As a test, what happens if you take one message per frame, dump all others, and then update the scene? Do you still encounter that three-frame latency?

ckemere · September 14, 2021, 8:57pm

Dropping the data rate by a factor of 4 did not reduce latency. It actually increased it by ~1/3rd of a frame, but that’s expected because my detection approach here is to cycle through the maze and detect an intensity change at a particular location. (That gives me hardware timestamps from my encoder and also hardware timestamps associated with the intensity change.)

Thaumaturge · September 14, 2021, 8:58pm

Ah, fair enough!

In that case, I’m afraid that I don’t know networking all that well, so for now I’ll bow out and leave this for others!

ckemere · September 15, 2021, 3:19pm

Interestingly, when I forced my refresh rate to 75 Hz, I find that the latency decreases absolutely (in milliseconds), but remains constant at between 3 and 4 frames.

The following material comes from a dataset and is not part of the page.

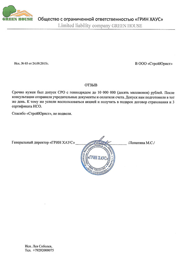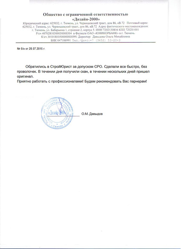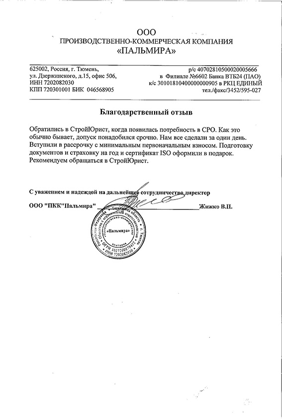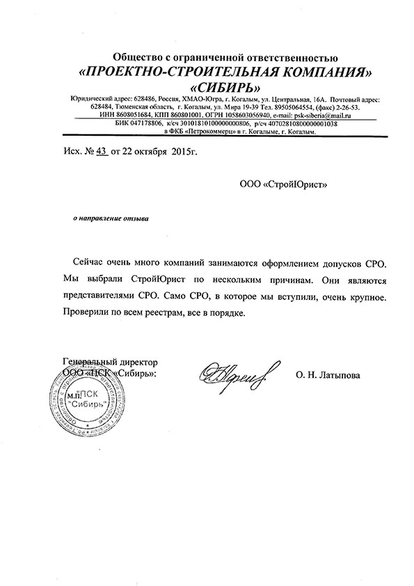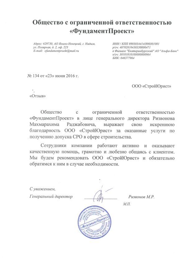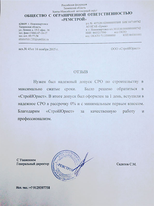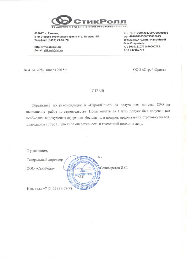 Отзывы клиентов "СтройЮрист" по вступлению в СРО в Рыбинске

I also tested using my laptop rather than the pi, and found roughly the same level. So the question is: is this a Panda3d effect, or is it caused by my graphics cards/openGL pipeline…

ckemere · September 20, 2021, 7:36pm

I just verified that I get the same latency when using Ubuntu and a bare X11 installation (no window manager). So I surmise that Panda3D is triple buffering somehow. Is there a way to avoid this somehow? (Is there filtering or something like that that can be turned off?)

Thanks!

serega-kkz · September 20, 2021, 7:45pm

Maybe it’s worth checking the driver settings, it’s usually configured there.

rdb · September 20, 2021, 7:57pm

Ways to reduce latency in Config.prc: (try them individually or together)

auto-flip 1
sync-video 0
back-buffers 0

The default is to optimize for performance, not latency.

Also, verify the sort value on your task, relative to the sort value of Panda’s graphics loop task.

ckemere · September 20, 2021, 8:25pm

Thanks for this!!!

Two quick questions: to run with back-buffers 0, do I need to do anything special? When I enable that, I find that I just get a blank screen.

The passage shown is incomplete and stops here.